Optimization method of FFT chip

文档序号：857505 发布日期：2021-04-02 浏览：19次中文

阅读说明：本技术 一种fft芯片的优化方法 (Optimization method of FFT chip ) 是由刘亚鹏乐立鹏安印龙谷艳方新嘉楚晓梅于 2020-12-16 设计创作，主要内容包括：本发明涉及一种FFT芯片的优化方法,属于FFT芯片设计领域；步骤一、将2048点的FFT芯片分解成6级运算；每级运算都用到旋转因子步骤二、将旋转因子用三角函数表示为步骤三、将旋转因子三角函数中的角度元素用x表示,即步骤四、计算出x范围为0°-45°时,cosx和-sinx的全部值,通过计算旋转因子的全部值,将其存储在FFT芯片中的ROM中,即完成FFT芯片的优化；本发明通过改变FFT计算中的一个常量系数,即旋转因子的产生与存储,从而减少ROM中存储的数据,来提高器件的效率和减少占用的资源。(The invention relates to an optimization method of an FFT chip, belonging to the field of FFT chip design; step one, decomposing a 2048-point FFT chip into 6-level operation; the twiddle factors are used for each stage of operation Step two, converting the twiddle factor Expressed as a trigonometric function Step three, converting the twiddle factor Angle element in trigonometric function Is represented by x, i.e. Step four, calculating all values of cosx and-sinx when the range of x is 0-45 DEG, and passing Calculating twiddle factors All the values of (a) are stored in a ROM in the FFT chip, namely the optimization of the FFT chip is completed; the invention reduces the data stored in the ROM by changing a constant coefficient in the FFT calculation, namely the generation and the storage of the twiddle factor, thereby improving the efficiency of the device and reducing the occupied resources.)
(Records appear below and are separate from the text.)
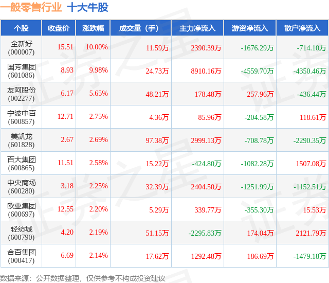 个股表现方面,一般零售行业当日领涨股为全新好(000007),该股当日报收15.51,上涨10.0%,成交量11.59万,主力资金净流入2390.39万元。国芳集团(601086)以上涨9.98%紧随其后,该股当日成交量24.73万,主力资金净流入8910.16万元。除此之外,友阿股份(002277)、宁波中百(600857)、美凯龙(601828)均进入当日牛股之列。具体个股列表见下表:
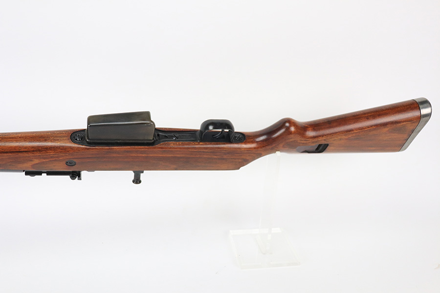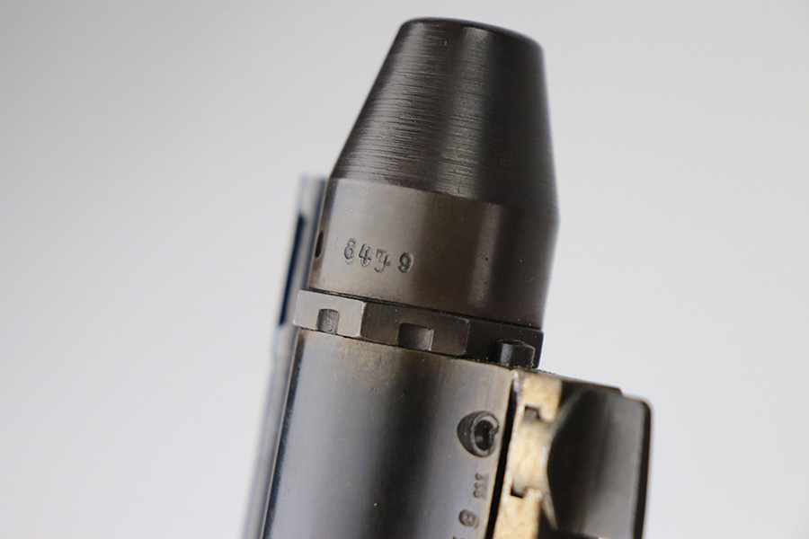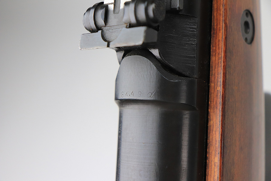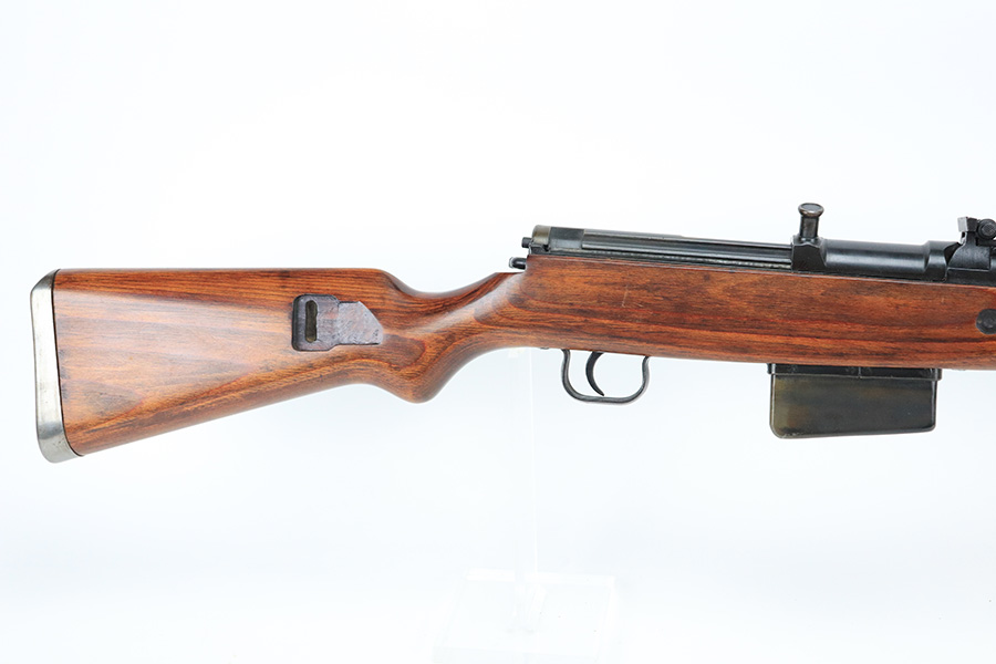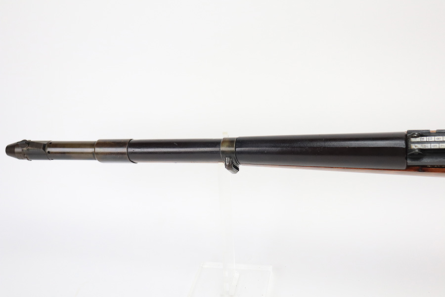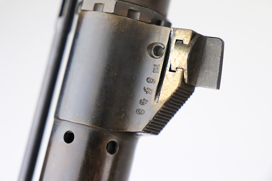 1/26/22 – This is a rare and desirable Walther Gewehr 41 (G41) rifle from World War II. The receiver is marked with ‘duv 43’ code, denoting it was manufactured at the Berlin-Lubecker factory. There were fewer than 10,000 estimated G41s produced before production switched to the G43/K43. These early G41 series of rifles used the “Bang Gas-Trap” system which employed a barrel mounted “Gas Trap” muzzle cone to trap hot gas that was bled off when the round was fired, which cycled the action. This entire series of rifles was very short lived however it was used extensively on the Eastern Front where a semi-automatic rifles was considered essential for “long-life”. Consequently, their survival rate is very low in any condition. The later series of G/K43 rifles did away with the earlier “Bang” gas trap style system and instead used a barrel mounted gas system, that was copied from the Russian Tokarev rifles, making them far more reliable and easier to produce. The Walther design was more successful than the Mauser design at least, as they removed the bolt and had a cleaner receiver area as a result. This particular rifle is all matching, with fully matching numbered parts. The receiver and all numbered areas of the upper/barrel are matching, as is the stock, mag well and trigger assembly, but it does appear that the front sight and muzzle cap are renumbered to match the rifle, and the mag well serial is electro-penciled on. E/214 proofs present on several metal parts. The finish on the metal parts is in great condition, but there is an area of cold blue around the front band and barrel. The stock is in excellent condition with no cracks and hardly any chips or dings, but was sanded throughout at some point. Excellent, shiny bore. Includes cleaning rod and sight hood.
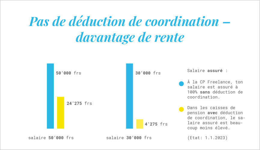 Chez nous, vous profitez d’une solution simple et souple, sans déduction de coordination. Ce qui signifie : votre salaire ou vos honoraires sont assurés dès le premier franc gagné. Cela entraîne des prestations d’assurance et des rentes nettement plus élevées que pour des caisses avec déduction de coordination. Pour le décompte des cotisations de prévoyance, nous collaborons étroitement avec les éditeurs et d’autres entreprises depuis des années, votre participation devenant ainsi minime.
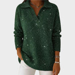 Esta camisola foi criada para quem adora um toque de glamour sem perder o conforto. O brilho subtil distribuído pelo tecido acrescenta um efeito luminoso encantador, perfeito para transformar até os looks mais simples. O decote com gola aberta confere sofisticação e alonga a silhueta, enquanto o corte descontraído garante bem-estar durante todo o dia.
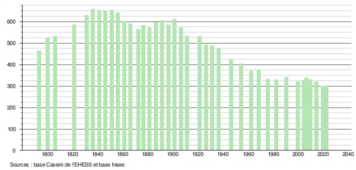 - ↑ Fiches Insee - Populations de référence de la commune pour les années 2006, 2007, 2008, 2009, 2010, 2011, 2012, 2013, 2014, 2015, 2016, 2017, 2018, 2019, 2020, 2021 et 2022.
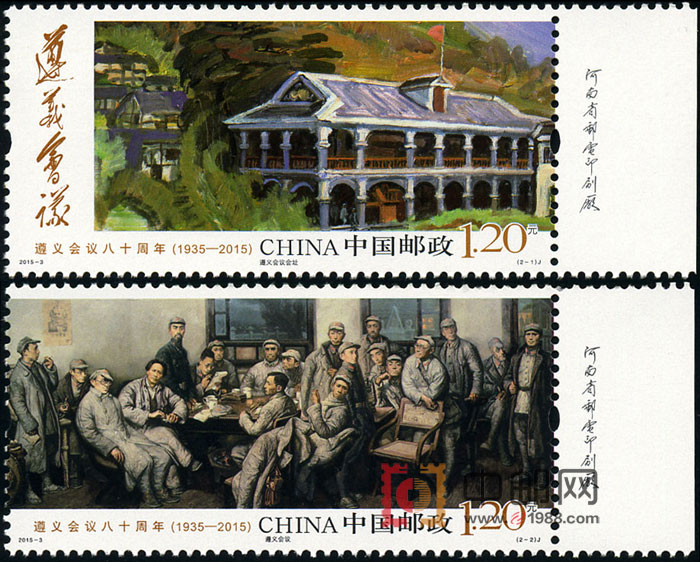 2015年遵义会议召开已经80年,为了纪念这一伟大时刻,1月15日将发行遵义会议召开80周年纪念邮票一套2枚,第一枚为遵义会议会址,第二枚为遵义会议开会时的场景,反映了当时我当的主要领导人。两枚面值均为120分。
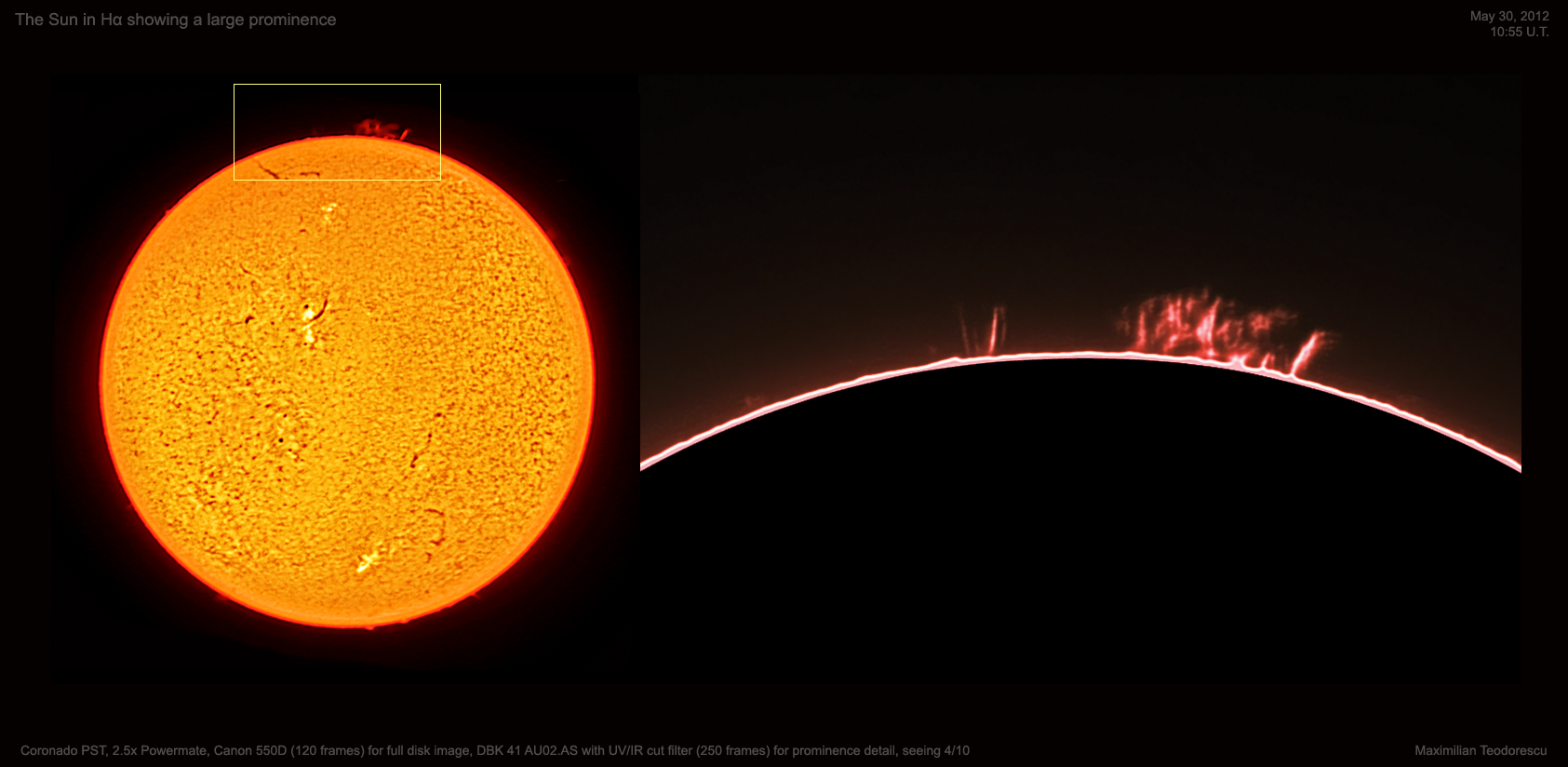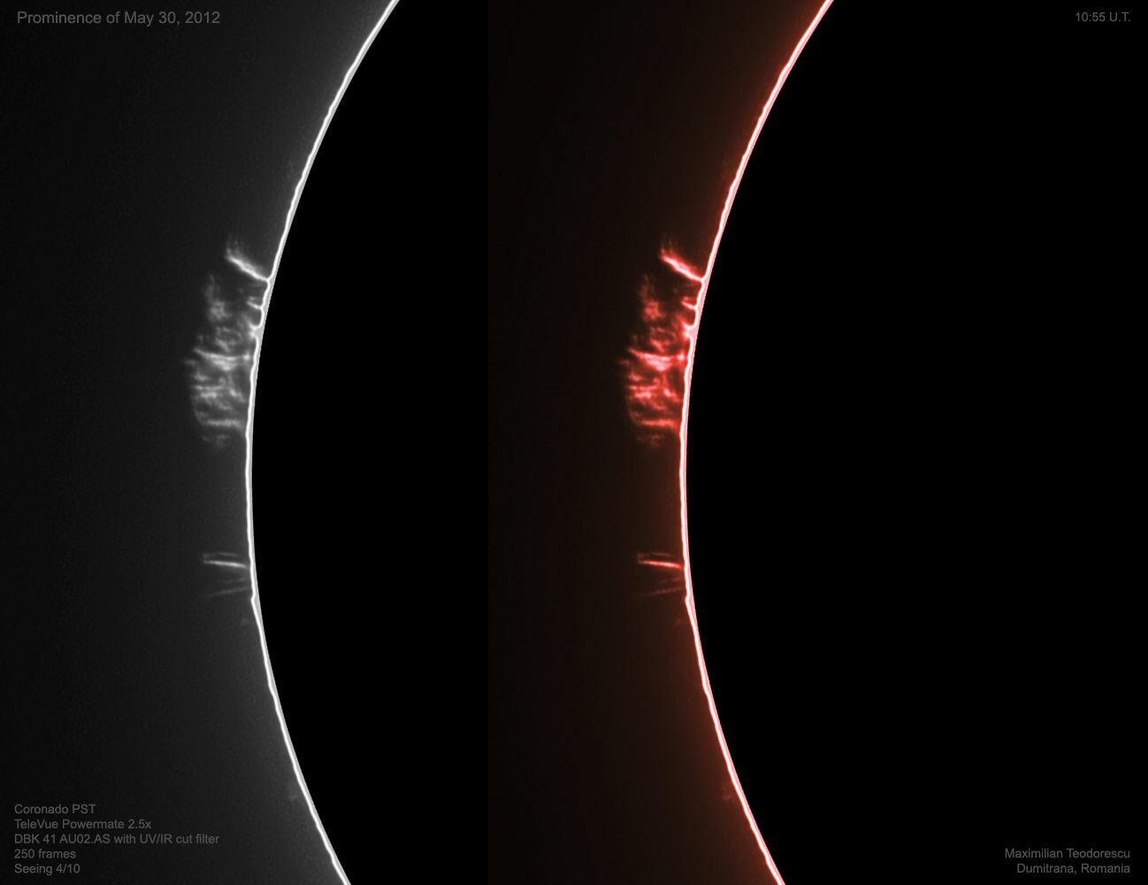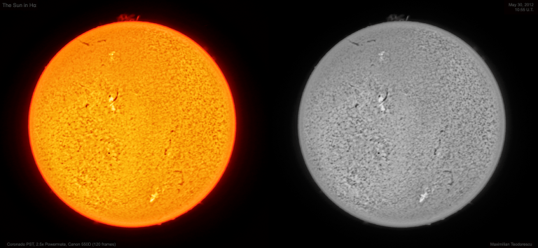 De multi ani imi doream sa observ protuberantele solare si sa realizez imagini ale acestor schimbatoare detalii aflate la marginea discului solar. Lungimea de unda in care se pot observa aceste fenomene a fost insa intotdeauna prea departe de mine, atat tehnologic cat si financiar. De curand insa am imprumutat de la Adi Sonka un telescop solar Coronado PST pe care am avut imensa placere de a-l testa in cursul unei zile cu cer acoperit de nori in proportie de 90%. Singura fereastra intredeschisa spre Soare mi-a permis vizualizarea sa continua pentru nu mai mult de 30 de minute. Timp suficient atat pentru a observa vizual protuberante si alte fenomene de la suprafata Soarelui, cat si pentru a realiza cateva imagini.

1. An optimization method of an FFT chip is characterized in that: the method comprises the following steps:

step one, decomposing a 2048-point FFT chip into 6-level operation; wherein, the 1-5 level operation adopts the FFT operation of base-4; the 6 th-stage operation adopts the FFT operation of radix-2; the twiddle factor is used for each stage of operation of the FFT chip

Step two, converting the twiddle factorExpressed as a trigonometric functionWherein N is the number of operation pointsWhen the number is the twiddle factor of 1-5 grade operation, N is 1024; when in useWhen the twiddle factor is the twiddle factor of the 6 th-stage operation, N is 2048; n is an independent variable, n is 2, 4, 6 … … 254;

step three, converting the twiddle factorAngle element in trigonometric functionIs represented by x, i.e.The value range of x is 0-360 degrees;

step four, calculating all values of cosx and-sinx when the range of x is 0-45 degrees through the steps in step threeNamely, when x ranges from 0 to 45 DEG, the rotation factor is obtainedAll values of (a) areAnd storing the data in a ROM in the FFT chip, namely finishing the storage optimization of the FFT chip.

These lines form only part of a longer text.